** Opening Extracted information block **

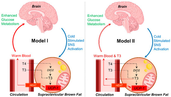 The relationship between the expression of DIO2 in BAT and cold-stimulated BGU is also of significant interest. DIO2 catalyses the transformation of the pre-hormone thyroxine (T4) to 3,5,3′-triiodothyronine (T3). In humans, DIO2 is expressed in the brain, BAT, uterus, placenta, thyroid gland, and heart. Under normal conditions, the primary circulating thyroid hormone is T4, and DIO2 contributes largely to circulating T3 and fulfills the intracellular needs of thyroid hormones. Considering the location of BAT is in close proximity to the brain, and the finding of a positive link between BAT expression of DIO2 and BGU, it is tempting to speculate that the increased expression of DIO2 in BAT may serve to provide T3 to the brain, along with the warm blood (Figure 4). This mechanism could be essential for supporting the T3 needs of the brain during cold stress [26] via circulation [27,28] or providing thermogenic feedback communication to the brain [29]. Previous studies have shown that T3 mediates glucose metabolism in brain astrocytes, as the primary cultures of rodents devoid of L-T3 have low rates of 2-deoxyglucose uptake [30], and when astrocytes are replenished with L-T3 the 2-deoxyglucose uptake is enhanced, increasing the binding sites of the glucose transporter [31]. As 18F-FDG uptake in the brain is mainly driven by astrocytes rather than neurons [32], it is possible that systemic DIO2 expression plays a role in regulating BGU, particularly in the challenging situation of mitigating hypothermia. However, it cannot be ruled out that T3 generated by BAT could be merely to support UCP-1 activation [33,34,35], or it may also act as a communication feedback loop between BAT and the brain to regulate thermogenesis. In the same context, López et al. (2010) have noticed that central administration of T3 in rats leads to the activation of SNS and BAT. Also, in humans, we have noticed that hyperthyroidism leads to upregulated BAT metabolism [36]. The plausibility of the co-occurrence of these mechanisms also exists.
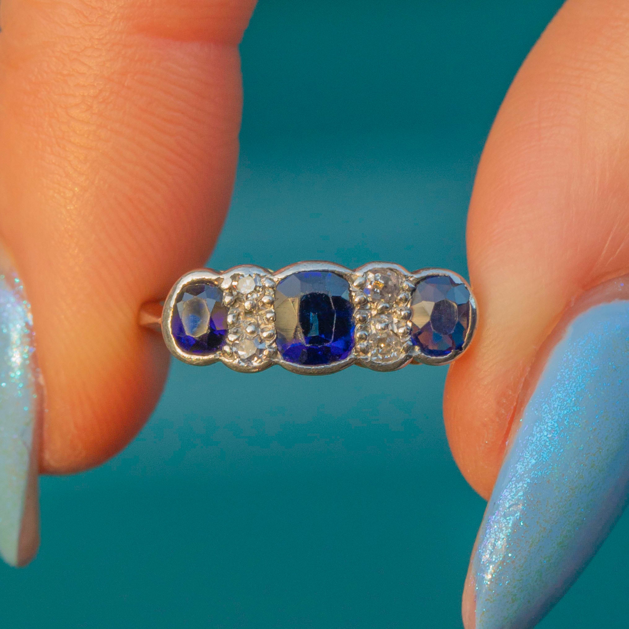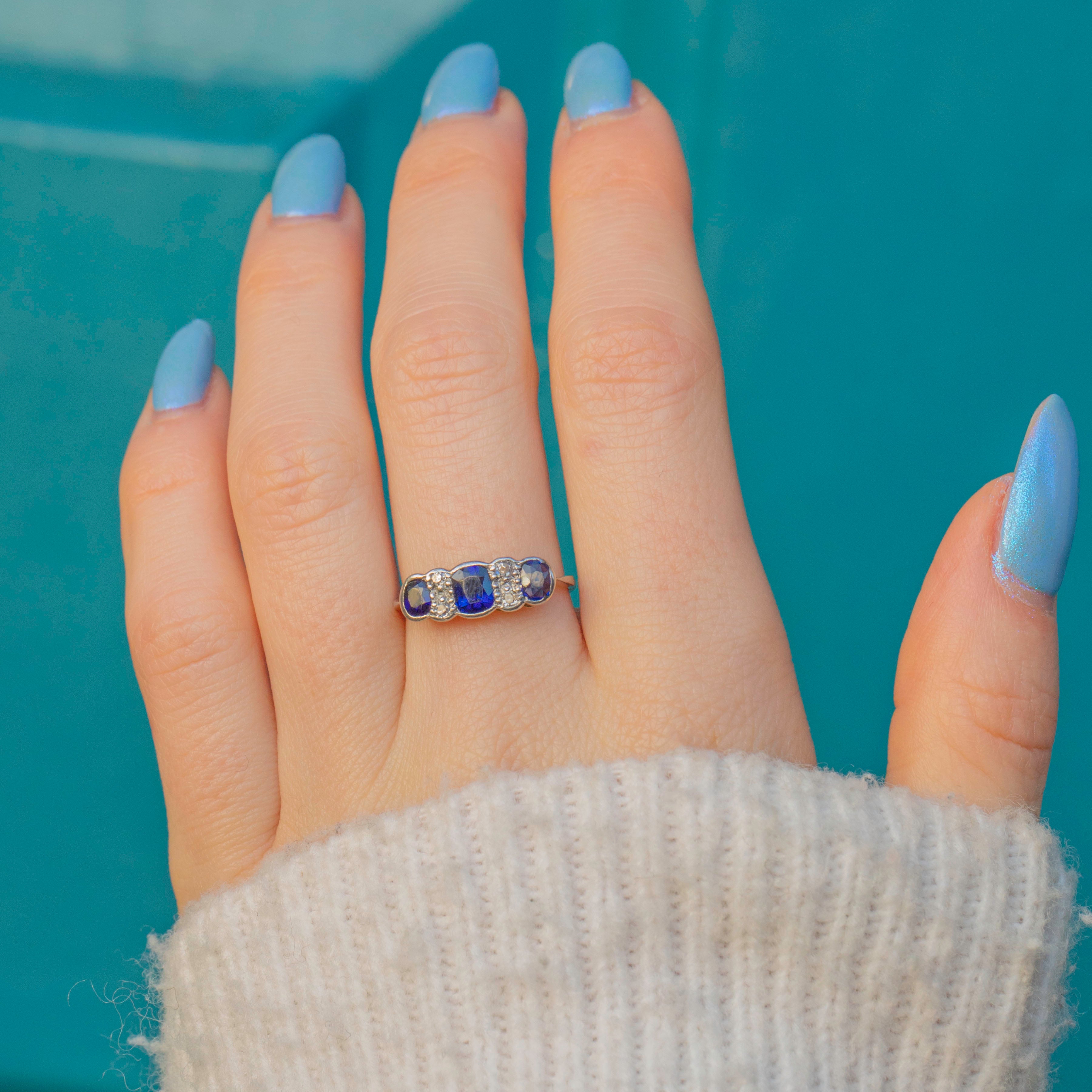 This antique ring features three radiant Sapphires, each a rich navy blue which gleam fantastically as they catch the light. They are interspersed by four scintillating Diamonds, with each gemstone effortlessly complimenting the next.
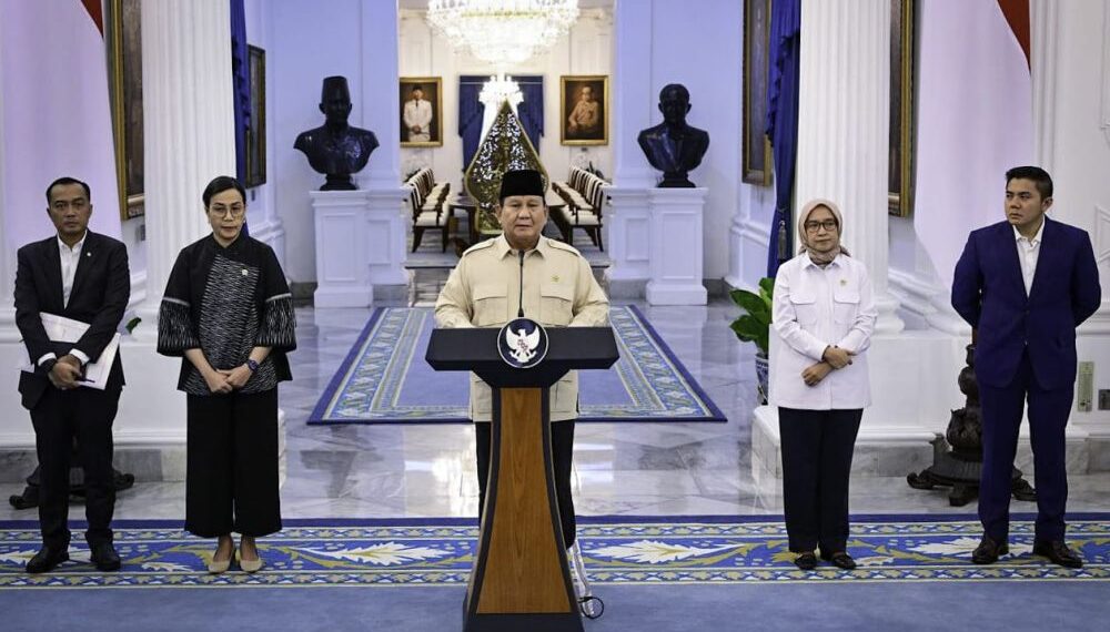 Turut mendampingi Presiden Prabowo dalam menyampaikan keterangan tersebut adalah Menteri Sekretaris Negara Prasetyo Hadi, Menteri Keuangan Sri Mulyani, Menteri Pendayagunaan Aparatur Negara dan Reformasi Birokrasi (Menpan RB) Rini Widyantini, serta Sekretaris Kabinet Teddy Indra Wijaya.
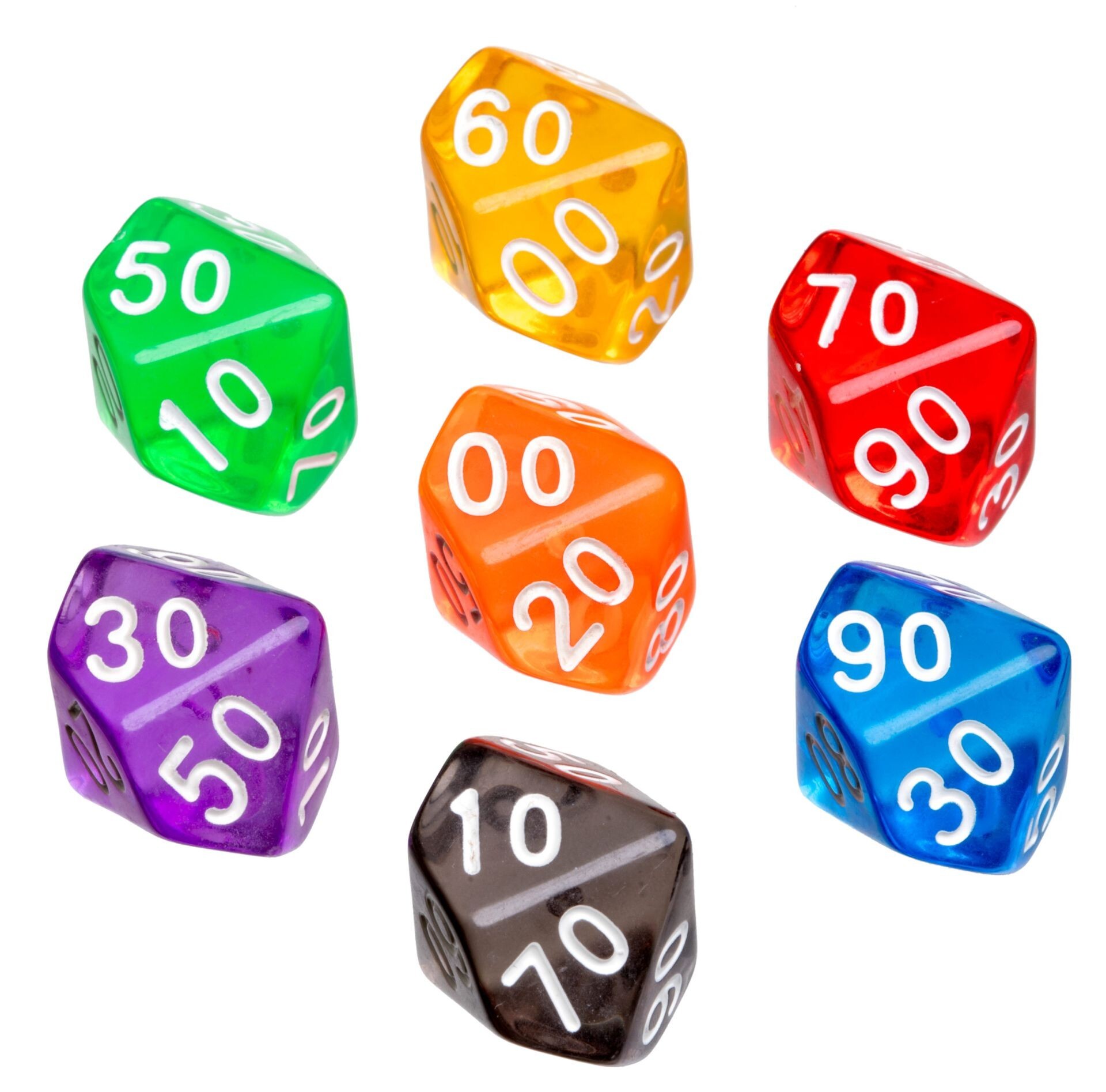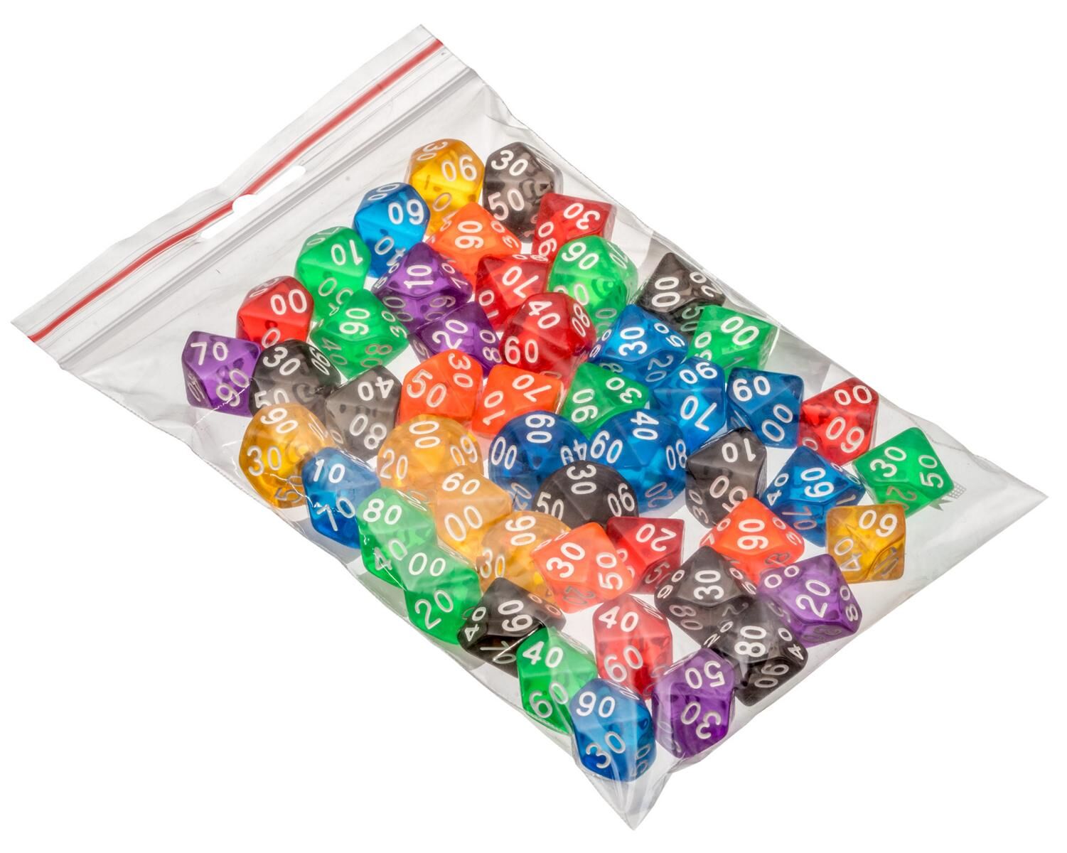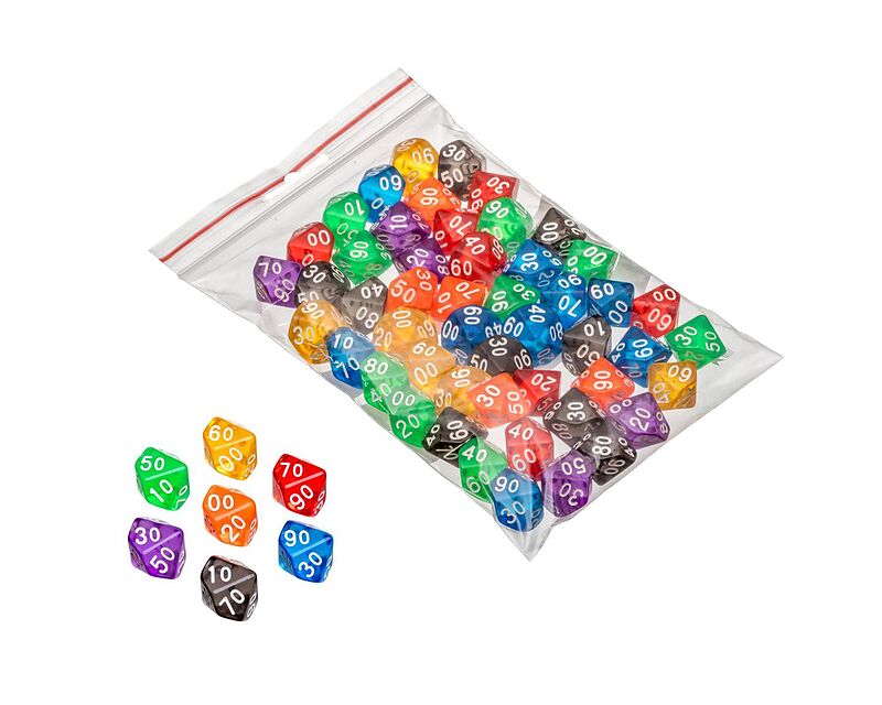 Würfel 100er, 10-seitig - Kantenlänge 22 mm, Kunststoff, transparent, 50er Beutel, bunt gemischt
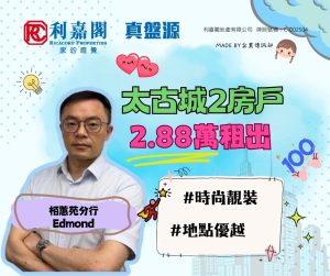 利嘉閣地產康怡區助理營業董事丁培鴻(Sam)稱,太古康怡區栢蕙苑分行高級客戶董事黃俊雄(Edmond)日前促成太古城寶山閣高層H室的二手租賃成交個案,單位實用面積約598方呎,採2房間隔,外望開揚景觀。
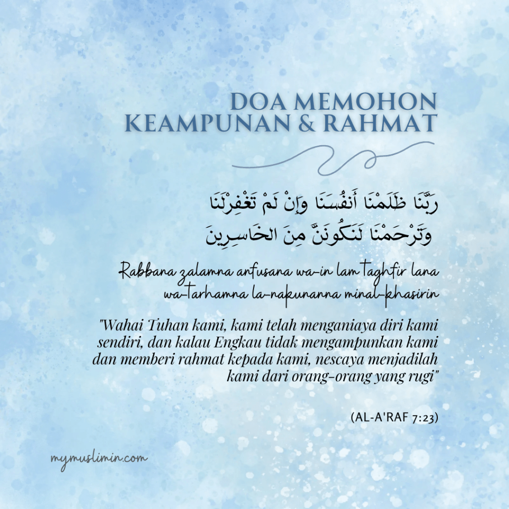 “Wahai Tuhan kami, kami telah menganiaya diri kami sendiri, dan kalau Engkau tidak mengampunkan kami dan memberi rahmat kepada kami, nescaya menjadilah kami dari orang-orang yang rugi”
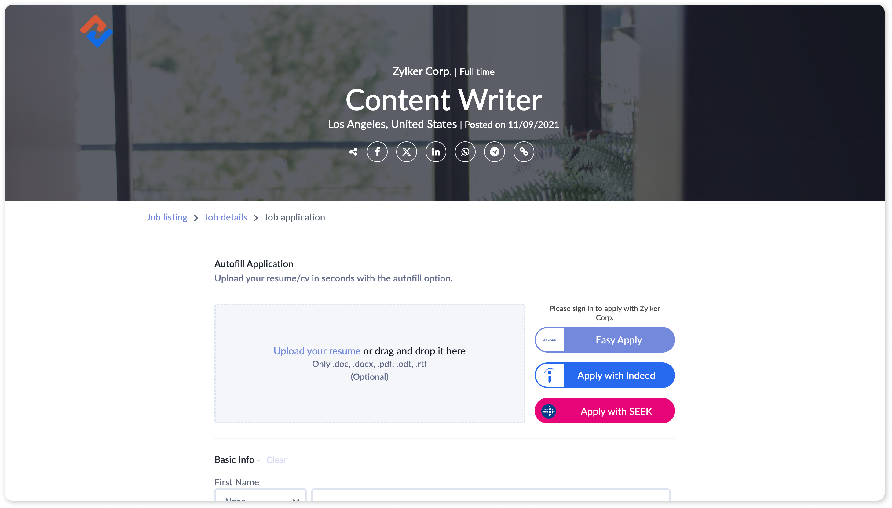Key fields are automatically filled using the candidate’s profile information, making the entire process quicker and more efficient.
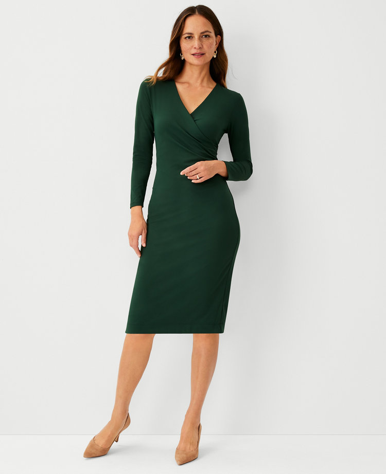Ann taylor green wrap dress clearance, ANN TAYLOR Petite Refined Stretch Wrap Dress Boxwood Green clearance

** Closing Extracted information block **

[Activity] Copy exactly the lines from the line containing "This antique ring" through the last line of the records above, both included, and leave out any pictures.

[Solution for this exercise]
 This antique ring features three radiant Sapphires, each a rich navy blue which gleam fantastically as they catch the light. They are interspersed by four scintillating Diamonds, with each gemstone effortlessly complimenting the next.
 Turut mendampingi Presiden Prabowo dalam menyampaikan keterangan tersebut adalah Menteri Sekretaris Negara Prasetyo Hadi, Menteri Keuangan Sri Mulyani, Menteri Pendayagunaan Aparatur Negara dan Reformasi Birokrasi (Menpan RB) Rini Widyantini, serta Sekretaris Kabinet Teddy Indra Wijaya.
 Würfel 100er, 10-seitig - Kantenlänge 22 mm, Kunststoff, transparent, 50er Beutel, bunt gemischt
 利嘉閣地產康怡區助理營業董事丁培鴻(Sam)稱,太古康怡區栢蕙苑分行高級客戶董事黃俊雄(Edmond)日前促成太古城寶山閣高層H室的二手租賃成交個案,單位實用面積約598方呎,採2房間隔,外望開揚景觀。
 “Wahai Tuhan kami, kami telah menganiaya diri kami sendiri, dan kalau Engkau tidak mengampunkan kami dan memberi rahmat kepada kami, nescaya menjadilah kami dari orang-orang yang rugi”
Key fields are automatically filled using the candidate’s profile information, making the entire process quicker and more efficient.
Ann taylor green wrap dress clearance, ANN TAYLOR Petite Refined Stretch Wrap Dress Boxwood Green clearance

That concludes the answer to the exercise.